[WHAT YOU SHOULD DO]
The required copy runs from the first line of the material through the line containing "通讯员 孟春绒 向飞卿报道:清代诗人彭施铎,在《溪洲竹枝词》中描写的当时湘西土家族摆手舞的盛况,今天在芙蓉镇再现。", exactly as written and without pictures.
|---|
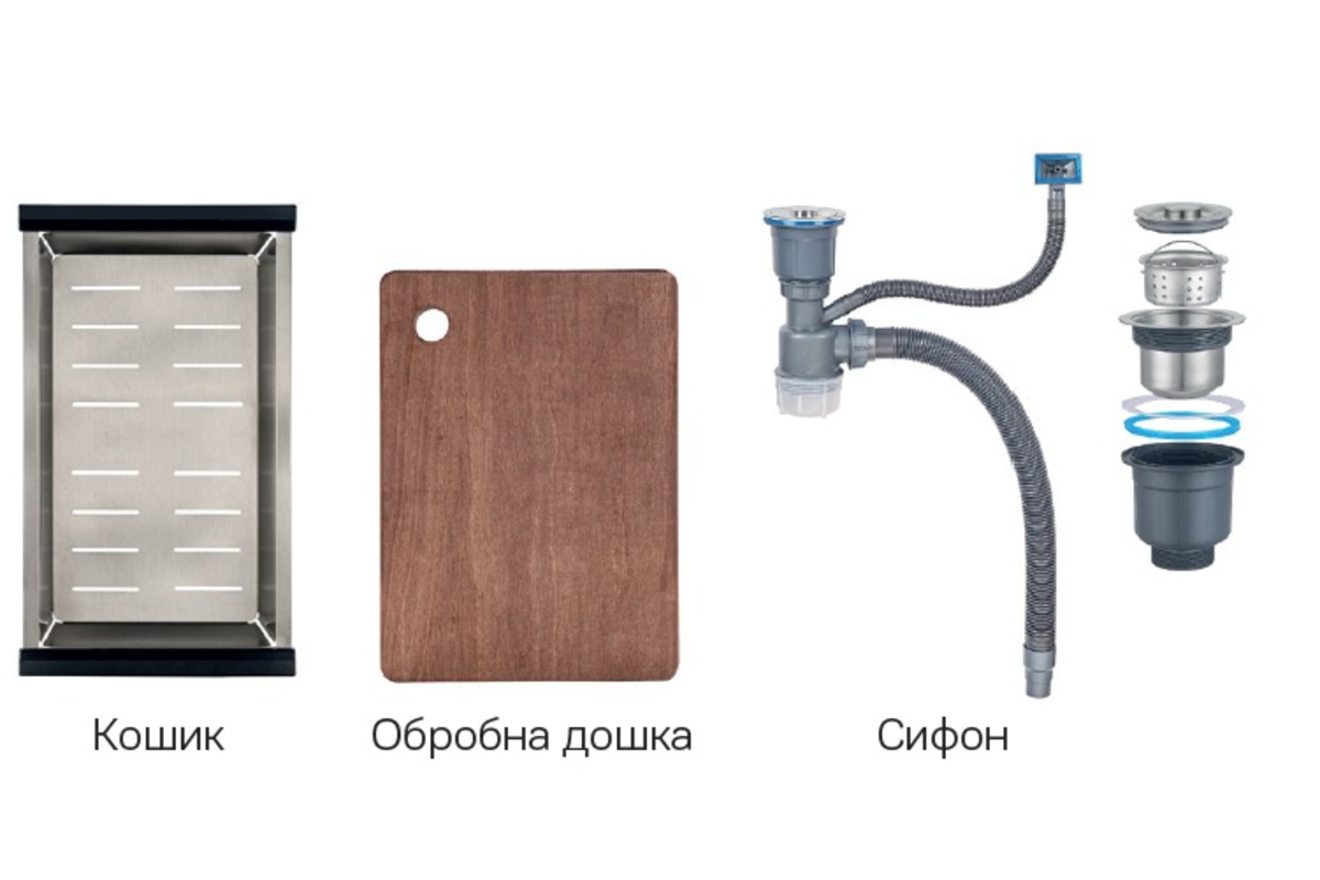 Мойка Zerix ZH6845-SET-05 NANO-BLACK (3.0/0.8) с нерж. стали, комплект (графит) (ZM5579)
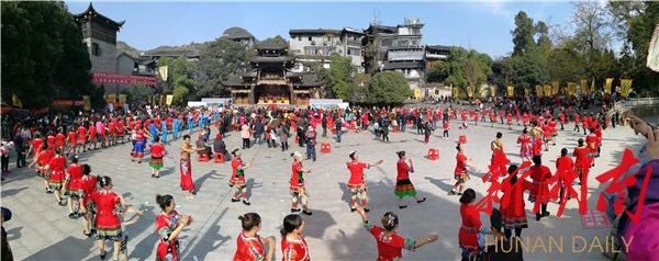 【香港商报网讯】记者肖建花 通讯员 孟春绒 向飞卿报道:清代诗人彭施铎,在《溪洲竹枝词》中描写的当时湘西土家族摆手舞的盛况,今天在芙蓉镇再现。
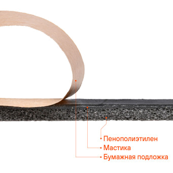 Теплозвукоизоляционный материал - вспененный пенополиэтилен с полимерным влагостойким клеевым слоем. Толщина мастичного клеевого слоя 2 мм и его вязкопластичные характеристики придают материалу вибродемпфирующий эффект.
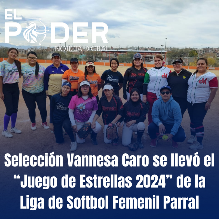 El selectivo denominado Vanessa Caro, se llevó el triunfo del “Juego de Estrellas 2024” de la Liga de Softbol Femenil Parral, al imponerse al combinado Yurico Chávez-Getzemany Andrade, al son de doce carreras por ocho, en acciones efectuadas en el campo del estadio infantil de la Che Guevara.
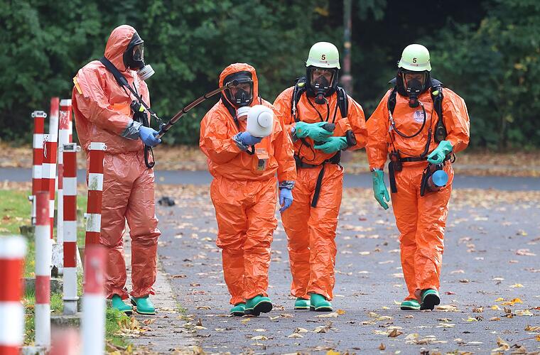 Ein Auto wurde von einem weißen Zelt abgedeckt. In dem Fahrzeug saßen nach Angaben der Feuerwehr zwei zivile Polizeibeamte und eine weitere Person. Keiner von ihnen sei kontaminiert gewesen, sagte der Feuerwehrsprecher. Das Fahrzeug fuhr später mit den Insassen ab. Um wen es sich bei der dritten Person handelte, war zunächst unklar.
|---|
[OUTPUT]
 Мойка Zerix ZH6845-SET-05 NANO-BLACK (3.0/0.8) с нерж. стали, комплект (графит) (ZM5579)
 【香港商报网讯】记者肖建花 通讯员 孟春绒 向飞卿报道:清代诗人彭施铎,在《溪洲竹枝词》中描写的当时湘西土家族摆手舞的盛况,今天在芙蓉镇再现。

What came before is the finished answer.